How can I stop fighting with my boyfriend?

Edahn,

My boyfriend and I have been together for almost a year, our anniversary is next month. He is my first serious boyfriend and I am his first serious girlfriend. We had been fine together until my boyfriend switched to night shift a month and a half ago. He has become what I see as a completely different person. Up until that point I have respected and loved him because not only does he have great character and motivation in his life, but he showed me his appreciation and desire to be with me constantly. He only has a handful of friends and I have even less than him.

After he started night shift, I began to miss connecting to him. He says he's tired, dehydrated, has a stomachache, headache, or something, and he is always stressed about not being able to do the things he wants. He has always been a gym rat and he has lost a lot of motivation, relinquishing his life to playing video games and watching TV all night long. I have on a couple occasions been able to break into his thick barriers and he has admitted feeling frustrated and depressed to me.

I feel constantly angry, so angry that I want to break things and cry and I feel that the whole world would explode if I could let out my anger. My boyfriend and I not only argue every day, but we argue heatedly, and I raise my voice because I feel so desperate. I feel that he will not listen, and is always defending himself, when all I want is for him to look at the situation and realize he is not here for me. He is not making an ounce of effort in my direction, and honestly I feel used, abused, alone and angry. I do not want to leave him, I want to get him back, but I don't know how.

I CAN SEE HOW exhausted and tired you must be from all the conflict and inability to connect. It must be sad to think about the relationship you one had and what it deteriorated into.
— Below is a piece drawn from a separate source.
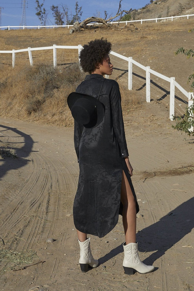 Western inspired details elevate the classic staple shirt dress. With adjustable snap pearl buttons up the front and mid thigh side slits, this piece lets you show as much or as little as you desire.

It's like your relationship died, or even like your partner died.

I think one difficult question you have to ask yourself is whether the relationship has fallen apart because of the change in work, or whether that just triggered something that was lying underneath. The healthiest relationships that I've seen started smoothly and with romance, but both partners were still able to maintain their independence. They continued to keep their friends and their personal interests, rather than getting too wrapped up in the other person. The relationships that start off really intense--like yours--can often falter later on, because one or both of the partners never learned how to be themselves within the relationship. Instead, they become a reflection of who they are, what their partner expects, and what others expect. Without a connection to themselves, they start to feel depressed and resentful, and often turn that resentment on their partner.

I'm not saying that's the case for you, since I'm not privy to all the details of your relationship. But if it rings true, maybe it's worth thinking about and having a conversation about. If it fits, there's no easy answer, but I'd suggest that both of you rise above the bickering and take time to study yourselves, what you're feeling and why, and learn how to communicate that to your partner in a way that doesn't turn them off or make them defensive. Communication is really an art that requires attention to words, attention to tone, and attention to timing. Just saying how you feel let down is not going to cut it. You have time find the right way to package that, especially given where you guys are, where there's so much bitterness and frustration that's being tapped whenever something goes wrong.

Every relationship is a learning experience even if it doesn't work out.